Blackhorse took a step forward and recoiled at the sight of blood on her extended hand. He blinked and her eyes were clean. Blackhorse chuckled to himself, thinking that heat and exhaustion must be getting to him. The firelight must just have been momentarily reflected against her pale skin. Preoccupied by these thoughts, it took a few moments for Helen’s voice to register.
“I’m sorry Ms. Brown. I didn’t hear the question.”
“It’s Mrs. Brown. I’m a widow. I said, what’s so funny?”
“Oh nothing, would you mind if we stepped inside? It’s a little smoky out here.”
“What for? Those men are dead. As far as I’m concerned, it’s case closed on my complaint. So, I don’t see why you want to talk to me now…unless…unless you think I know who killed them. Let me save you some time. I have no idea who killed them. I can tell you that it wasn’t me.”
“I’m not implying that you know anything about their deaths. By interviewing people with complaints against them, I hope to learn more about them and what they were doing in town.”
“Oh, I can tell you why they were in town. Come on inside. It’s time for my son’s medication.”
They entered the house via the back door, passing through a sunny lemon yellow kitchen. She invited him to have a seat in the living room, while she went upstairs to administer her son’s medications. Blackhorse was looking at family photos on the mantle over the fireplace, when Helen returned. He spoke without turning around.
“Is this your son? He’s very good looking.”
“Thank you, that was taken before Huntington’s disease took its toll on him. Look, not to be rude but I have a lot to do this evening. Can we get on with the interview? You said you were trying to figure out what those men were doing in town. I can answer that question. They had come to town for the yearly psytrance festival.”
“The what fesitival?”
“Psytrance…haven’t you ever heard of psychedelic trance festivals? The one they have here is held out in the woods at night. From what I understand, there are a lot of different styles of psytrance music. At the festival here, they play darkpsy music. Its got this pulsing, repetitive, hypnotic driving beat that sends dancers into a kind of trance or meditation on the transcendence of death.”

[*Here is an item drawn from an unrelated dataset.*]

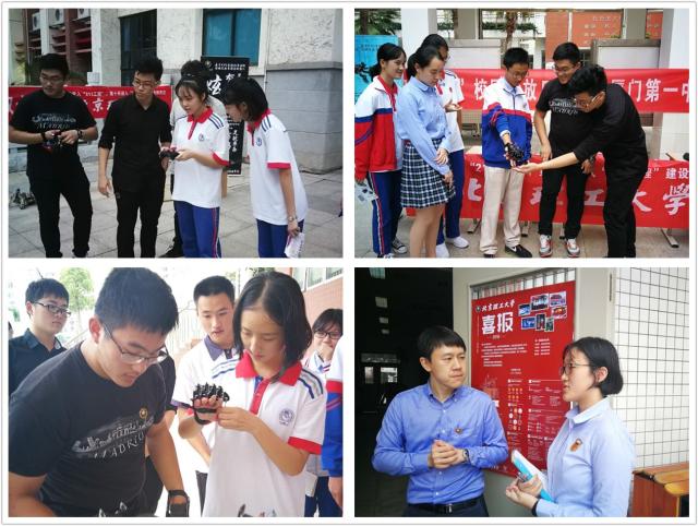 管理学院“北理领航”人分别走访了厦门外国语学校、厦门第一中学和厦门双十中学,亲自将2018年米兰milan官方网站录取喜报送到各中学教务处主任的手中;“相约北理”校园开放日活动,也受到了这三所中学的高度重视和热烈欢迎。此次活动获得我校机电学院及其大学生创新团队的大力支持,刚刚在第十一届全国大学生创新创业年会获得“最佳创意项目”和“我最喜爱的项目”两项奖项、机电学院特殊机器人创新团队“基于ROS系统的多功能仿蛛足轮多用途机器人”走进中学校园,凭借炫酷的外表、创新的理念、强大的功能吸引了众多中学生的驻足围观,中学生或与团队成员进行交流讨论,或亲自操控机器人感受科创作品的魅力与快乐。现场参与活动的中学师生纷纷通过新媒体转发和分享开放日活动带给他们的感受,表达出对米兰科技创新能力和人才培养工作的认同。
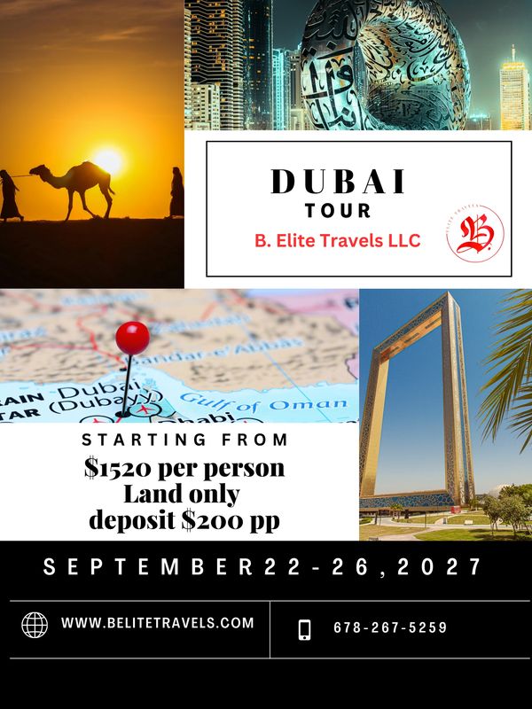 We are Dashing to Dubai Setember 2027. Enjoy 5 days and 4 nights with 4-5 star accommodations, scheduled excursions, some meals and transportation is included. Price is per person based on double occupancy. Trip is land only package.

“Let me guess, the attendees take drugs to…help them meditate?”
“Well, yes they take mind altering substances to deepen their meditative state. But it’s all natural like mushrooms, cannabis…”
“Opium popppies?”
“Some people might take those. The majority of the people who come down for the festival are harmless, mostly backpackers, cyber hippies, nomads living in vans, etc. Those three men that I called the cops on were bad people. They showed up here on a hot day. One of them asked for a drink of water. When I opened the door to hand it to him, he forced his way in and they robbed me. My son and I live alone here. We don’t have much and those three swarmed through here like locusts, eating up our food and taking anything of value they could get their filthy hands on.

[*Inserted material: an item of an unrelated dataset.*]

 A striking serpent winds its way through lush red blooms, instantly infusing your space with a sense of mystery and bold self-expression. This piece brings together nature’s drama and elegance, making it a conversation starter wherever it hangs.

Most things can be replaced, but they took my late husband’s watch it had a special engraved message on the back. It was like a little piece of him I could wear. Blackhorse felt awkward in the face of Helen’s naked grief. Outside by firelight, she had seemed younger, wild and free. In the well lit living room, he could see the worry lines creasing her high forehead and smudges of discoloration underneath her eyes. Blackhorse made a promise to do his best to track down the watch and return it to her. Not wishing her to revisit her grief any longer, he thanked Helen for her assistance and took his leave.